Getting closer all the time. 700 acres of corn and beans 150 acres of hay and raise 75,000 turkeys a year.


----------



## bbos2 (Mar 20, 2015)

We row crop, bale hay and straw, fatten cattle, make wood and push snow in the winter. Stay pretty busy. People often ask what I do all winter. Between hauling hay loading straw , working cattle and push in around snow we put in full weeks even in the "slow" months. And more then make up for it when the the busy seasons get goin


----------



## SVFHAY (Dec 5, 2008)

About 450 acres hay, rye and oats. If I can't make small bales out of it I don't grow it. 15 total head of cattle. I also buy hay/straw for resale in small,bundle or 3x's but only 40 or so semi loads a year, and that has been on a downward trend for quite a few years.


----------



## lidaacres (Oct 11, 2014)

We raise Corn, Wheat, Soybeans, and Alfalfa. Milk Registered Holsteins and have 6500 turkeys in egg production. I do a very small amount of custom big square baling as well.


----------



## OhioHay (Jun 4, 2008)

We have been full time on the farm for a year now. That's both my wife and I. We run 750 acres with 400 of that in hay. The rest is corn, beans, oats, and sometimes wheat or sorghum/Sudan. We also have 25-30 beef cows, 35 ( adding more each year) katahdin ewes, and do some custom work. Finally we are in the process of potentially building some chicken barns. I guess we believe in diversity, but that comes with its own set of challenges.


----------



## stack em up (Mar 7, 2013)

Not me as of yet. Work full time as a mechanic for insurance. This is the last year I will be there though. We run just at 1000 acres of corn, soybeans, small grains, and 80 acres of alfalfa. Also have a herd of spring calving cows and a herd of fall calvers. Sell seed corn and turn wrenches for neighbors, as well as custom manure pumping and application.


----------



## Bonfire (Oct 21, 2012)

Full time farm. Sow farm pays the bills. I've got enough cows to feed a good portion of the spray field hay to. The rest of it sold to get rid of it. Everyday I'm an owner, manager and herdsman. Some days I'm also an electrician, a plumber or a welder. 2nd shift for me starts between 2 and 4 pm. I'm in one of these cheap hay markets. I would starve if I depended on hay sales.


----------



## IHCman (Aug 27, 2011)

I worked off the farm full time for 8 years as I was getting started ranching. I quit working in town in 2007 and bought my land in 2008, rented it one year before I bought it. I own 1320 acres and rent another 600 of rangeland and hayland. Most of my own land is rangeland and native hay. Do have 200 acres tillable that I keep in alfalfa or silage corn/oats hay when it needs breaking up. I sell very little hay (few bales here and there to friends or neighbors) as I need most of it for my own cattle.

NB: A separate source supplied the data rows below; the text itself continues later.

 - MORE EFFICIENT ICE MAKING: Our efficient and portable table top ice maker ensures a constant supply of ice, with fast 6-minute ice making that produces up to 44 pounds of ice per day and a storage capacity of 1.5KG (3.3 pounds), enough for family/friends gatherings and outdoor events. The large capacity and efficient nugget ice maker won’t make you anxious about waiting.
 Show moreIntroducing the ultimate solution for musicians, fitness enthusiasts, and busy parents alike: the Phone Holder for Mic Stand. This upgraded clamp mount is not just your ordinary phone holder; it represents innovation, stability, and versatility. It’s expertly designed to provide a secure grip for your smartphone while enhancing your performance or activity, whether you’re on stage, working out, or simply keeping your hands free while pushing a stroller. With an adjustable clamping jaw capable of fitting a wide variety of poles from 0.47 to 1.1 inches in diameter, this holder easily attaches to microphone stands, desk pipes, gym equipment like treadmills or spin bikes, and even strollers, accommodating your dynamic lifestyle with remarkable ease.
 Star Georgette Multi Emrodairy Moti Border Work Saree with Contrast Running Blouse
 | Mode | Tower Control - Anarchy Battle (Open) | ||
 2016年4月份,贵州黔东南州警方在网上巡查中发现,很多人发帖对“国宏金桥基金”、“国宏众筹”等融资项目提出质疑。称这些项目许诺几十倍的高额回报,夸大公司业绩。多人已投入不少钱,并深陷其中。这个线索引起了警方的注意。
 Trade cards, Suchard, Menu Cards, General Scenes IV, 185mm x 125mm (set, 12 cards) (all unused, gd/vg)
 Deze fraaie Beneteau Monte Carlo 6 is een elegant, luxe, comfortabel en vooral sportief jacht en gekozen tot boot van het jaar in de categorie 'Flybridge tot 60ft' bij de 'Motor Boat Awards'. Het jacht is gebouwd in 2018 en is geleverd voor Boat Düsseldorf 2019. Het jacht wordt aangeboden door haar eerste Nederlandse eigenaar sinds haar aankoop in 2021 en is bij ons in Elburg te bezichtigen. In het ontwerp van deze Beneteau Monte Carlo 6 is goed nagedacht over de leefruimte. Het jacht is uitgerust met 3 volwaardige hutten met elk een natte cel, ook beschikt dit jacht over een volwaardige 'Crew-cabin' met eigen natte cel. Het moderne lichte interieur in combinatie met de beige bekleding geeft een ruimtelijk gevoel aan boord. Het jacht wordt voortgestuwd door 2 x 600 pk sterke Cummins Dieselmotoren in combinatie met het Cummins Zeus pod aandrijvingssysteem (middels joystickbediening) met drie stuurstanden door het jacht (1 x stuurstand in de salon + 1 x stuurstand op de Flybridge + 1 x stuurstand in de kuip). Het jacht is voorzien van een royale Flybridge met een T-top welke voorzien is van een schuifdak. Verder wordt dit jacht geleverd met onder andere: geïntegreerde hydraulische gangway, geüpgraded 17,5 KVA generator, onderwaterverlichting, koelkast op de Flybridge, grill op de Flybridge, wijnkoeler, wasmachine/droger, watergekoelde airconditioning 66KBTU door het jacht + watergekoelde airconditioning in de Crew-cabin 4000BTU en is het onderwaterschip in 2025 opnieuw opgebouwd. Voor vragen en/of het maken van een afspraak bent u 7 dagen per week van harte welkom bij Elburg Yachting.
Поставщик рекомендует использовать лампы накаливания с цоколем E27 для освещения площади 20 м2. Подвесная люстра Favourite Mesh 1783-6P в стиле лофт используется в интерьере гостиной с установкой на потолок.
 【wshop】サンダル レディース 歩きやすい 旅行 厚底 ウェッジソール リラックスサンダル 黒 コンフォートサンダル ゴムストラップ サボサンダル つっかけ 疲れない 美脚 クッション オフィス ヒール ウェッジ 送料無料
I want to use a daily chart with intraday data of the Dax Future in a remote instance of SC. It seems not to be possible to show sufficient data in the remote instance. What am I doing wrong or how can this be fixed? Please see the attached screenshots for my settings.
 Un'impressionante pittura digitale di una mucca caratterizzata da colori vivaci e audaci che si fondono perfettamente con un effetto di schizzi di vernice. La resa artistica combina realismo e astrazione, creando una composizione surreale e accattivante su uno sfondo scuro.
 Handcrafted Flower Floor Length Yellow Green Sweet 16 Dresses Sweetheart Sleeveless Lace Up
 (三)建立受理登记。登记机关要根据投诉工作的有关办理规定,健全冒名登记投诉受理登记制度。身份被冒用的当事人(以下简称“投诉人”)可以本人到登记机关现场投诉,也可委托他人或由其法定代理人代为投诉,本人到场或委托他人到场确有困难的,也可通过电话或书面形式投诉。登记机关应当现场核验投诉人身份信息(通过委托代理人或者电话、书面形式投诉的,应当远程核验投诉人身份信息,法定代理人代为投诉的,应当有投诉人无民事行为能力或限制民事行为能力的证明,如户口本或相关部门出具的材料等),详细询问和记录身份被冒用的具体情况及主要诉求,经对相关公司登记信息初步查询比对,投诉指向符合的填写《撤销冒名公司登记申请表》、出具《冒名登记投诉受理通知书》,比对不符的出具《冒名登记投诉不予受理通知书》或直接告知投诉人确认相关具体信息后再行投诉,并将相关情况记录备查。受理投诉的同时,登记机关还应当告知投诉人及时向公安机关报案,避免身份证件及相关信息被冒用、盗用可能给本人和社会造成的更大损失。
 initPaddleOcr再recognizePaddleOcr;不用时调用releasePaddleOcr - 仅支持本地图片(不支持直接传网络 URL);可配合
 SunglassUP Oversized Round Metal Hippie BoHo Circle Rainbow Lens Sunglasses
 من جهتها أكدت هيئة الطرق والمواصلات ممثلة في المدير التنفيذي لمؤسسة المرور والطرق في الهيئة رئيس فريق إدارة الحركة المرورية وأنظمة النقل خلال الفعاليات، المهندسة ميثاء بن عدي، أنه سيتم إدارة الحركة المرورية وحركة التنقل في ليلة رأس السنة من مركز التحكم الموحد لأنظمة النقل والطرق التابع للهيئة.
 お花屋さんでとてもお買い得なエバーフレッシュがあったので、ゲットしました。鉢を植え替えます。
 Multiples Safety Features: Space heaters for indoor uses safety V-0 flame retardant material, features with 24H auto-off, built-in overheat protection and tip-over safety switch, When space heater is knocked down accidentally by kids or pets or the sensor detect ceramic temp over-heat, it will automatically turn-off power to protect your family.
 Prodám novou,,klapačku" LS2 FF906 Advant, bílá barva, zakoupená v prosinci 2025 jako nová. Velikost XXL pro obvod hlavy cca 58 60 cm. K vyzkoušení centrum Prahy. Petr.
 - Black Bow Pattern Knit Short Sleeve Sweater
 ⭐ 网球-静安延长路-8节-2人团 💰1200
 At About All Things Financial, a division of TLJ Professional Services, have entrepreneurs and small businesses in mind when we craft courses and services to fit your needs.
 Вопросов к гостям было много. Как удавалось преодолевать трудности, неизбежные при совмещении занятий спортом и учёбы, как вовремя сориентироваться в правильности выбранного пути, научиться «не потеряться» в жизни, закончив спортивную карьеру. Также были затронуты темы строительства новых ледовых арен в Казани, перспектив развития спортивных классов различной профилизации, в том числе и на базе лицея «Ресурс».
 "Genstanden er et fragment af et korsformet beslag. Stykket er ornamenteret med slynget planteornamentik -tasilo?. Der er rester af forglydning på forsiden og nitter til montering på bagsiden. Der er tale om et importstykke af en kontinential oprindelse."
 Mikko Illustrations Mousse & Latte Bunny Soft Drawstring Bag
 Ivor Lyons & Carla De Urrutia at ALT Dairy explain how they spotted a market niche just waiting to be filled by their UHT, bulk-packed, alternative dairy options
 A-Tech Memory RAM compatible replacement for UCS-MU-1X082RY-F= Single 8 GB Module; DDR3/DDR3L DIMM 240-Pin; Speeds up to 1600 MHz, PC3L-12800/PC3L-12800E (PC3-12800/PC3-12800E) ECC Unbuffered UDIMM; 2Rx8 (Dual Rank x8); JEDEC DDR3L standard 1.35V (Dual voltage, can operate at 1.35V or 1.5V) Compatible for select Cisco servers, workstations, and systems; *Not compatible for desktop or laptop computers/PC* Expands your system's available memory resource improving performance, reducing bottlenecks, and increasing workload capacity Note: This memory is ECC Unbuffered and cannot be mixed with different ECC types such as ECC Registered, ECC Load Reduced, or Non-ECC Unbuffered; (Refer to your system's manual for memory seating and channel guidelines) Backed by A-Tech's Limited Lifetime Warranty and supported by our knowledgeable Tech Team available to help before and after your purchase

My first two years after I bought my land and some equipment were a little tight, but it taught me to be conservative and things are working out pretty good for me. I do work with my parents helping them with their cattle, haying, and farmland so its like I've got another full time job. But I also use their equipment to do my own work and they use some of mine so it works out well.


----------



## Orchard6 (Apr 30, 2014)

I farm full time. We (dad and I) grow 400 acres of apples and 20 acres of hay.


----------



## slowzuki (Mar 8, 2011)

Orchard6, from working on a 35 acres semi-dwarf type apple orchard that is being converted to full dwarf high density, you must have a whack of full time and seasonal employees


----------



## Shetland Sheepdog (Mar 31, 2011)

We're retired and we live off my pension, our SS, and our investments. I farm about 15 acres of mixed grass hay land. Most years we make enough from hay sales to cover all operating costs for the machinery, whether haying or doing other stuff like snow removal & firewood harvest.


----------



## Josh in WNY (Sep 7, 2010)

I have a full time job as an engineer, but luckily work for a company that is pretty easy on taking days off (as long as there is at least 40 hours in each week, they pretty much are OK with it). Last year we baled just over 44 acres in small squares and I'm looking to add another 5 to 10 acres of rounds to that this year. We have ~20 acres that have corn on them for another local farmer who raises young stock for a dairy farm and my uncle raises Christmas trees on our farm as well (sells about 100 to 150 per year).


----------



## mlappin (Jun 25, 2009)

Been full time on the farm for almost 15 years. Dad and I have almost 1300 acres in row crops, I have 160 acres in hay then we have a beef herd of almost 70. Do a little custom mowing/baling if I can work it into my schedule. My wife used to work in town for the insurance, then heart issues forced her into SS disability.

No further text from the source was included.